Bale Sudah Tidak Diinginkan Di Real Madrid

Masa depan Gareth Bale di Real Madrid semakin berada di ujung tanduk setelah hubungannya dengan pelatih, Zinedine Zidane memanas. Tapi kenapa hubungan antara mereka berdua bisa berubah tak lagi indah?

Laporan di Spanyol menunjukkan bahwa Gareth Bale tidak masuk dalam rencana Real Madrid musim depan. Tapi pemain asal Wales itu, yang dikeluarkan dari El Real setelah kekalahan dari Real Sociedad, tidak diberi kesempatan untuk berpamitan untuk terakhir kalinya di Santiago Bernabeu kemarin.

Bale sendiri terlihat tersenyum kecut ketika dia duduk di bangku cadangan saat Real Madrid menelan kekalagan dua gol tanpa balas. Dan setelah peluit akhir berbunyi, ia langsung bangkit dan berjalan lurus ke lorong ganti tanpa menyapa atau menoleh pada suporter.

Ditanya apakah Bale pantas untuk memainkan satu pertandingan terakhirnya, Zidane menjawab: “Maaf saya tidak akan memainkannya, tapi tidak pernah ada yang tahu apa yang akan terjadi selanjutnya.”

“Bila saya pikir seorang pemain itu fit di dalam tim, saya harus melakukan apa yang menurut saya paling baik. Tidak ada yang bisa mengubah apa yang telah Bale lakukan untuk tim, tapi sebagai seorang pelatih saya tidak akan hidup di masa lalu,” tambah Zinedine Zidane.

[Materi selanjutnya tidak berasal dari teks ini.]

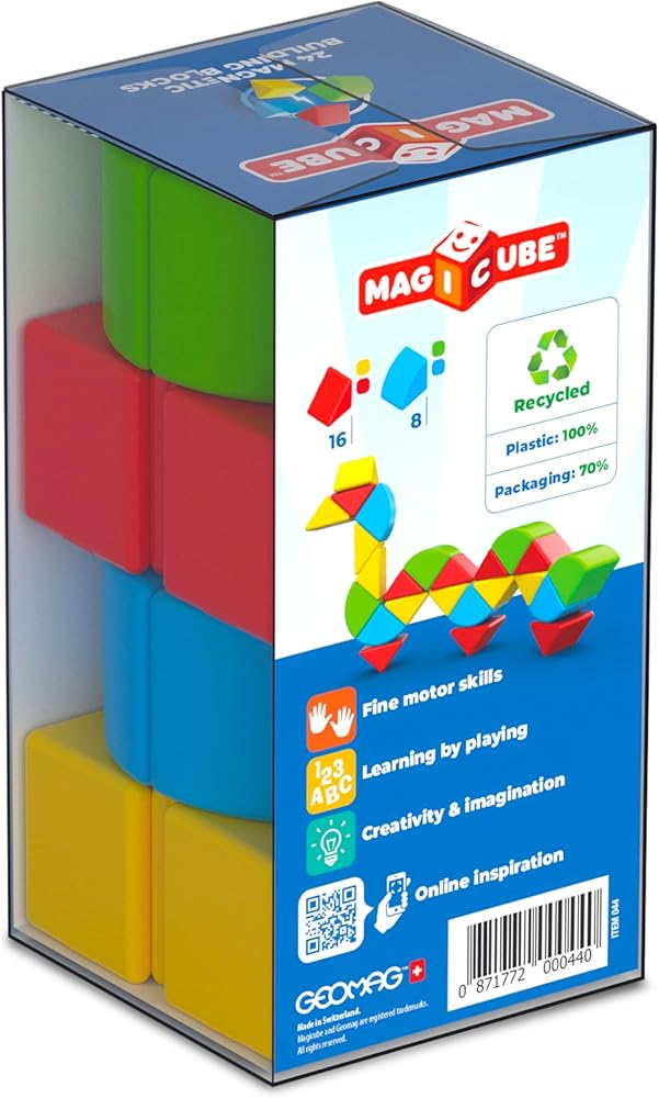 مجموعة الكتل المغناطيسية Geomag MagiCube المكونة من 24 قطعة للأطفال الصغار والأطفال من سن 1 إلى 5 سنوات | لعبة تعليمية سويسرية الصنع مصنوعة من البلاستيك المعاد تدويره بنسبة 100% | اللعب الإبداعي للتعليم المبكر

Misteri soal Gareth Bale dan mengapa hubungan manisnya dengan Zinedine Zidane berubah memburuk menjadi berita hangat. Salah satu pendapat dikemukakan oleh seorang pengamat sepak bola Spanyol, Guillem Balague.

Semua Ingin Gareth Bale Pergi
Pakar sepak bola Spanyol yang juga pandit Sky Sports, Guillem Balague mengklaim bahwa semua orang di Real Madrid ingin Gareth Bale pergi. Balague juga mengatakan bahwa Bale terlibat perang dingin dengan Zidane.

“Gareth Bale dan Zizou tidak berbicara satu sama lain. Anda membaca dan mendengar media Spanyol dan hari ini seharusnya menjadi perpisahannya. Semua orang ingin dia pergi. Tapi … Dia tetap ingin bertahan.”